General information
- Operator: South Australian Railways
- Line: Wilmington line
- Platforms: 1
- Tracks: 1

Construction
- Structure type: Ground

Other information
- Status: Demolished

History
- Opened: 2 June 1884
- Closed: 1969

Services
| Preceding station | Australian National Railways Commission |  |  | Following station |
| Gladstone Terminus |  | Wilmington railway line |  | Stone Hut towards Wilmington |

= Laura railway station =

Former railway station in South Australia, Australia

Laura railway station was located on the Wilmington railway line. It served the town of Laura, South Australia.

==History==
Laura railway station opened on 2 June 1884 as the short lived terminus of the Wilmington line. The line was later extended to Booleroo Centre on 13 April 1910, and to Wilmington on 20 July 1915. Laura railway station consisted of four rooms for the use of the station aster, a large booking office, a ladies'waiting-room, and accommodation for the porters.
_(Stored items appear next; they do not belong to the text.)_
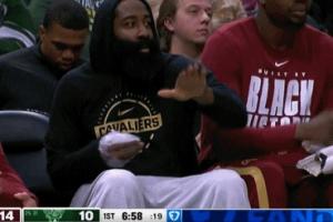 右手拇指非移位性骨折!哈登场边观战 右手拇指已缠上厚厚的纱布
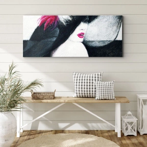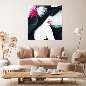 - Plátno s obrazom elegantnej ženy v pernatom klobúku. Tento štýlový portrét v odtieňoch čiernej a ružovej dodáva interiéru nádych noblesy a elegancie a umocňuje jeho charakter.
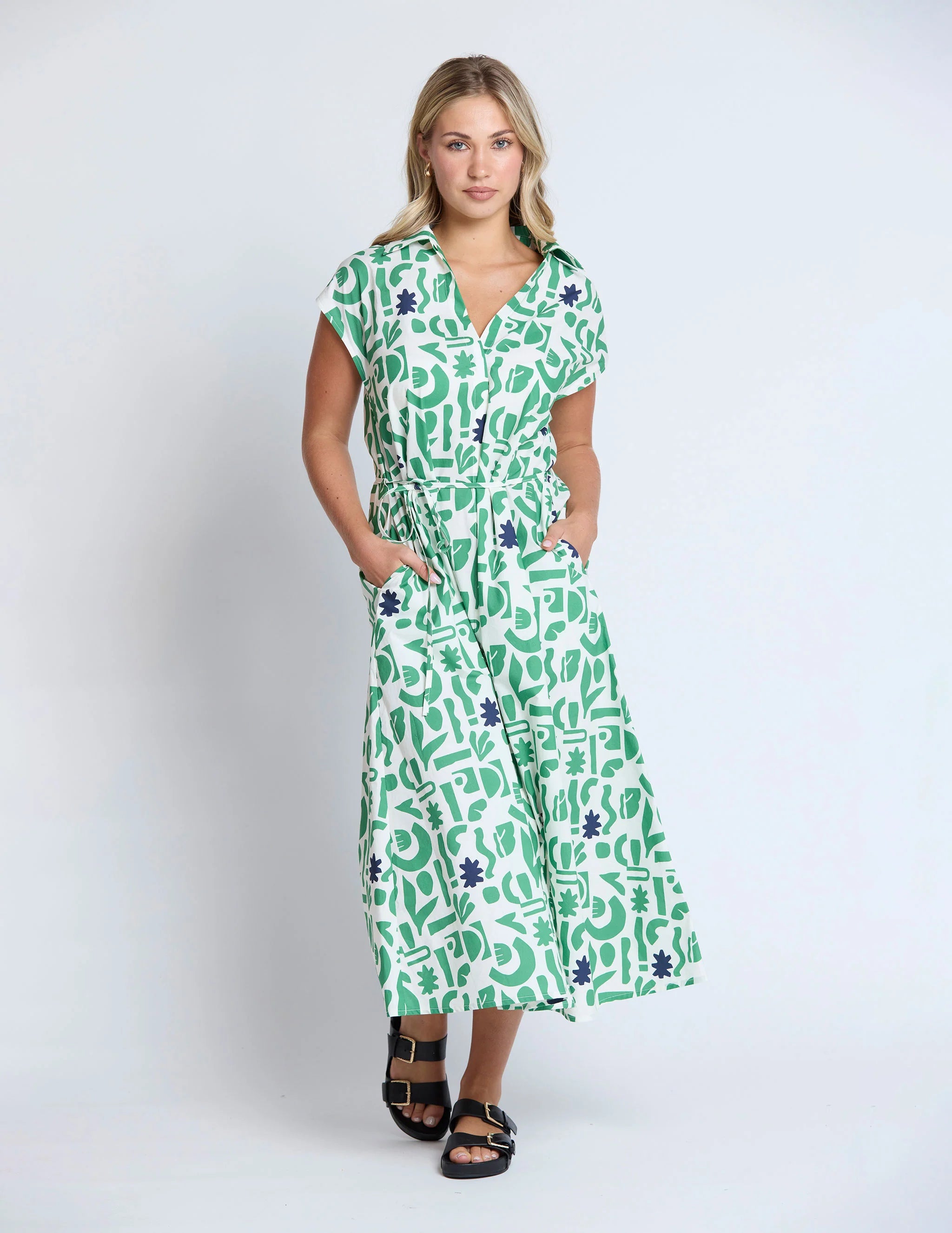 This midi dress features cap sleeves, a concealed button-front placket, and an open collar neckline for a polished yet relaxed feel. Designed with practical side pockets and a self-fabric narrow tie belt to cinch the waist, it’s an effortlessly versatile piece for any occasion.

A railway yard was later added consisting of a goods shed, turntables and other necessary accommodations.

With the conversion of the Port Pirie to Broken Hill line from narrow to standard gauge in 1969, the line became an isolated narrow gauge railway leading to the cessation of passenger services. The line closed completely on 13 March 1990; there is no longer any trace of the station.